The significance of municipal diets

Municipal assemblies, so-called ‘diets’ (‘Tagfahrten’ in German), were among the most important political events in the Middle Ages and early modern period. During these meetings, representatives of the cities met to discuss common issues, resolve conflicts and make decisions. These assemblies were particularly
important for the cities dominated by Low German merchants – predominantly the Hanseatic Diets. From the 14th to the 17th century, minutes of the proceeding were taken at these assemblies: the so-called ‘Hanserezesse’ (Hanseatic Resolutions). These documents are unique testimonies to urban cooperation, trade and political decision-making, and thus one of the most important sources for Hanseatic research.

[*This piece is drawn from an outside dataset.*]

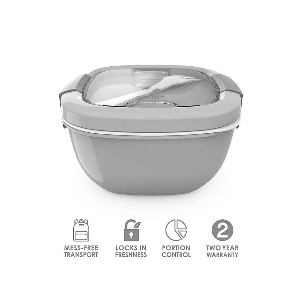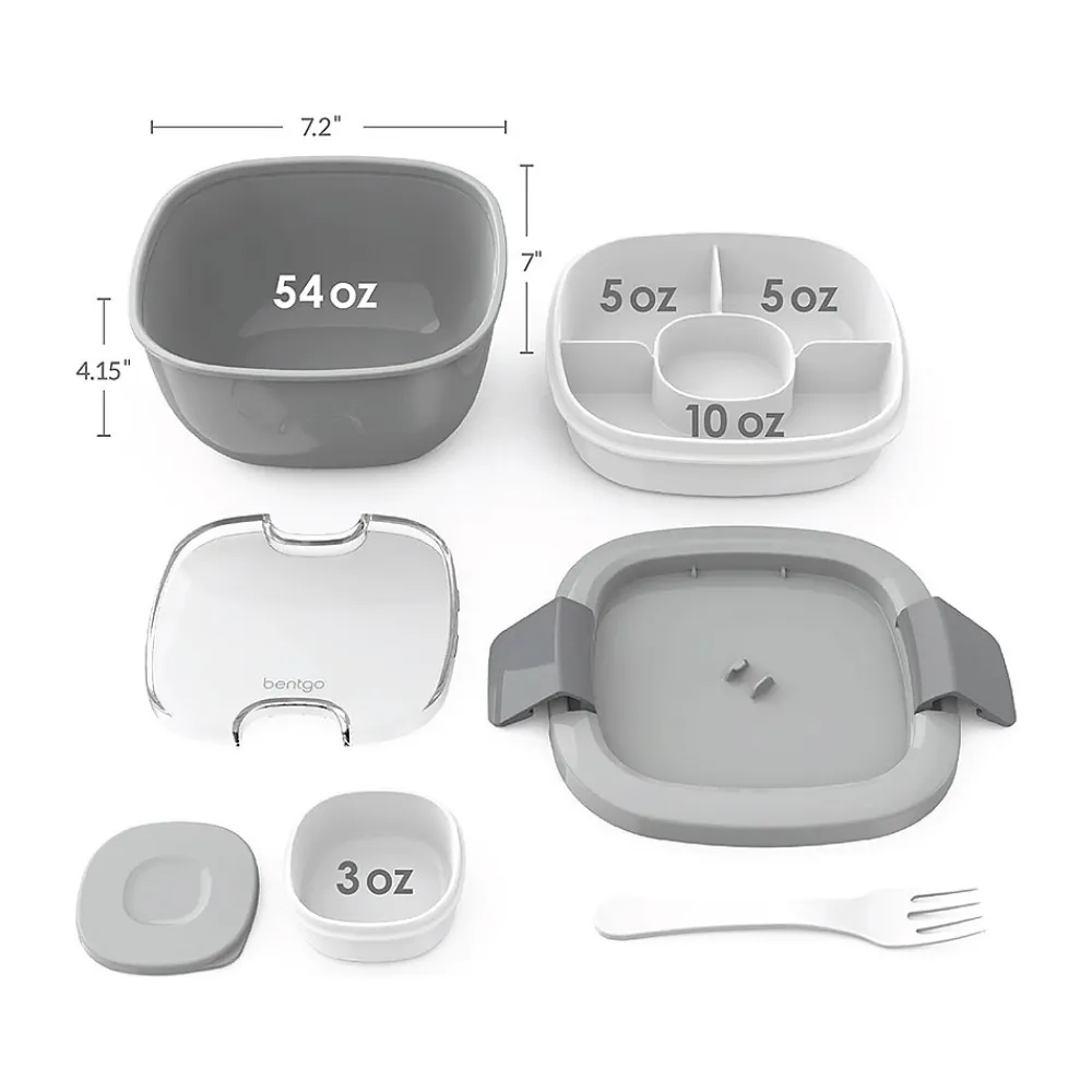 The bentgo Salad all-in-one salad container makes eating fresh and healthy salads while on the go easier than ever. The all-in-one design offers a perfect solution for mess-free transport of your greens, salad toppings, and salad dressing, so you can enjoy a delicious and nutritious salad at school, at work, on a plane, at the park, or just about anywhere. All the components of the bentgo Salad container stack conveniently inside the large salad bowl for easy portability.

Sources: the archival record

Working with the Hanseatic Resolutions is problematic for researchers, as they were only edited up to 1537 and the editions are now also partly viewed critically by scholars. Access to the sources is also made difficult by their large number and decentralised preservation: over 130 German and international archives have been identified to date that hold manuscripts with Hanseatic Resolutions. The archive of the Hanseatic city of Lübeck alone holds over 100 of these documents. In addition to the Resolutions of the General Hanseatic Diets, the project also covers other types of assemblies – from regional diets to spontaneously convened meetings between towns.

Project objectives

The project aims to make the Hanseatic recesses digitally available in a central location and consists of two components:

  1. Systematic recording: First, all known resolutions are recorded in a database. This creates an inventory of the manuscripts and diets, which is created using the modular database nodegoat.
  2. Digitisation and publication: In the next step, the resolution are comprehensively digitally processed. The documents are scanned by the archives and then transcribed at the FGHO, either manually or using an Handwritten Text Recognition (HTR) techniques. Both the work of the Citizen Science project
    Hanse.Quellen.Lesen! and the results of the international research project ‘The Flow’ feed in to the project here.

Results

The database with Hanseatic Resolutions created during the project will be made freely available over the course of the project. The documents that have already been fully digitised and transcribed can be found on
our Transkribus site and will be supplemented gradually.